If we put $$n = 0$$ in (2) and use that $$S_k(0) = 0$$, we find:

$$S_k(-1) = 0$$

The function $$S_k(x)$$ is therefore a polynomial of degree $$k+1$$ which contains a factor of $$x (x+1)$$. Since $$S_1(x)$$ is a second degree polynomial, this fixes $$S_1(x)$$ up to a constant factor, and we can find that this factor is $$\frac{1}{2}$$ by using $$S_k(1) = 1$$, although that's not necessary to do for the purpose of this problem.

We can find a symmetry relation satisfied by $$S_k(n)$$ using the recursion (2) as follows. We replace $$n$$ by $$-n$$ to obtain:

$$S_k(-n) - S_k(-n-1) = (-1)^k n^k$$

Let’s define the function $$\tilde{S}_{k}(n) = S_k(-n)$$. We can then write the above recursion as:

$$\tilde{S}_k(n+1) - \tilde{S}_k(n) = (-1)^{k+1} n^k$$

We then see that the function $$(-1)^{k+1}\tilde{S}_k(n+1)$$ satisfies the same recursion as the function $$S_k(n)$$. The value at $$n = 0$$ is equal to zero, because $$\tilde{S}_k(1)= S_k(-1) = 0$$. This means that these two functions are identical. We thus have:

$$S_k(-x-1) = (-1)^{k+1}S_k(x)$$

The point at which $$x = -x - 1$$ is $$x = -\frac{1}{2}$$. We see that for even $$k$$, $$S_k(x)$$ is anti-symmetric w.r.t. reflection about this point, while in case of odd $$k$$, it is symmetric. This means that for even $$k$$, the function has a zero there, while for odd $$k$$ the derivative is zero:

$$\begin{split}S_{2k}\left(-\frac{1}{2}\right) &= 0\\ S'_{2k+1}\left(-\frac{1}{2}\right) &= 0\end{split}$$

This fixes $$S_2(x)$$, because $$S_2(x)$$ is a third degree polynomial and it has zeros at $$x = 0$$, $$x = 1$$ and $$x = -\frac{1}{2}$$, so it’s proportional to $$x (x+1)(2x+1)$$, and demanding that $$S_2(1) = 1$$ yields $$S_2(x) = \frac{1}{6} x (x+1)(2x+1)$$. Obtaining this expression is, however, not necessary for the purpose of this problem.
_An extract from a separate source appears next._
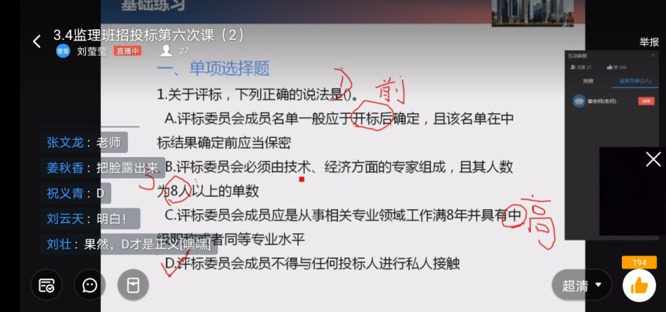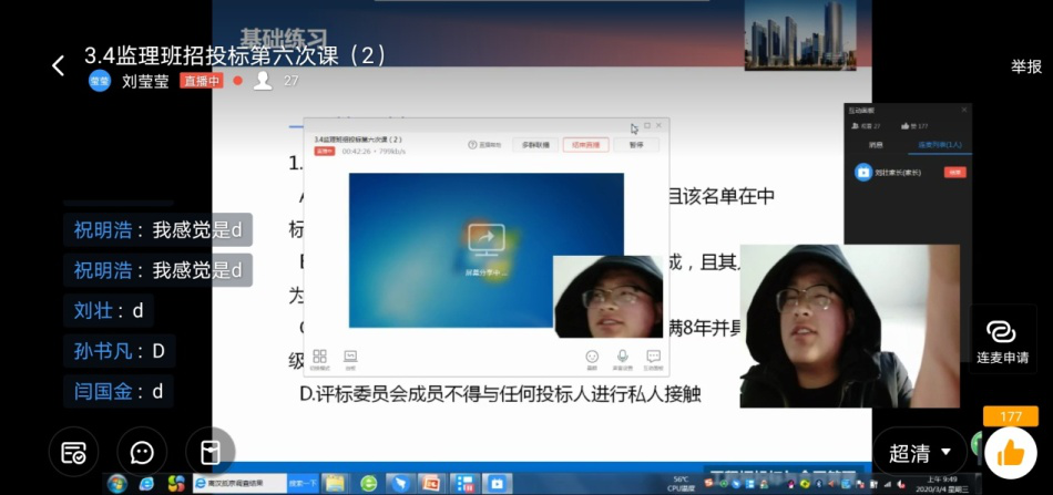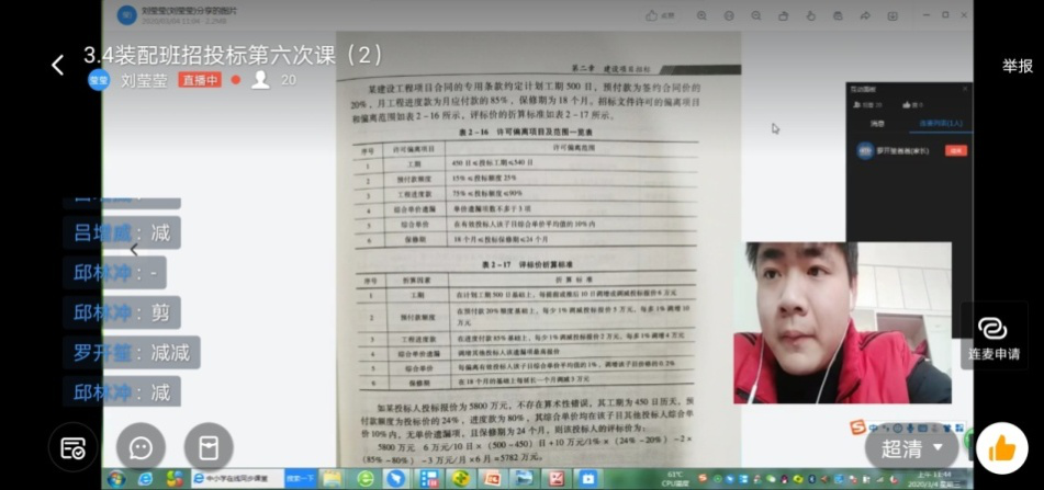 由于前期的准备充分,刘老师在上钉钉直播课程时,不是单纯的讲课、念PPT,而是在讲完一个知识点后,把之前搜集到的相关工程案例和视频资源展示给学生看,直播过程中与学生互动,学生们积极的通过连麦的方式参与到直播课的讨论中。课后,在职教云上给学生留作业,加强学生对当天学习内容的练习。精彩课堂的背后是艰辛的付出,由于白天要照顾父亲,刘老师大部分时间在晚上给学生批改作业、搜集资料、准备素材,有时忙到晚上一两点。

In general, we have that $$S_{2k}(x)$$ contains a factor of $$x(x+1)(2x+1)$$. We can obtain more information about $$S_k(x)$$ for odd $$k$$ by taking the derivative of the recursion (2). This yields:

$$S'_{2k+1}(x) - S'_{2k+1}(x-1) = (2k+1) x^{2k}$$

We then see $$\frac{S'_{2k+1}(x)}{2k+1}$$ satisfies the same recursion as $$S_{2k}(x)$$. Because both these functions are zero at $$x = -\frac{1}{2}$$, they are identical. The fact that $$S_{2k}(x)$$ is zero at $$x = 0$$ and $$x = 1$$ then tells us that $$S'_{2k+1}(x)$$ is zero there as well. So, we see $$S_{2k+1}(x)$$ has zeros at $$x = 0$$ and $$x = 1$$ of multiplicity of at least $$2$$, so $$S_{2k+1}(x)$$ contains a factor of $$x^2 (x+1)^2$$.

In particular, since $$S_3(x)$$ is a fourth degree polynomial, we see that it is proportional to $$x^2(x+1)^2$$, so it's proportional to $$S_1(x)^2$$. And since $$S_k(1) =1$$for all $$k$$, we have $$S_3(x) = S_1(x)^2$$.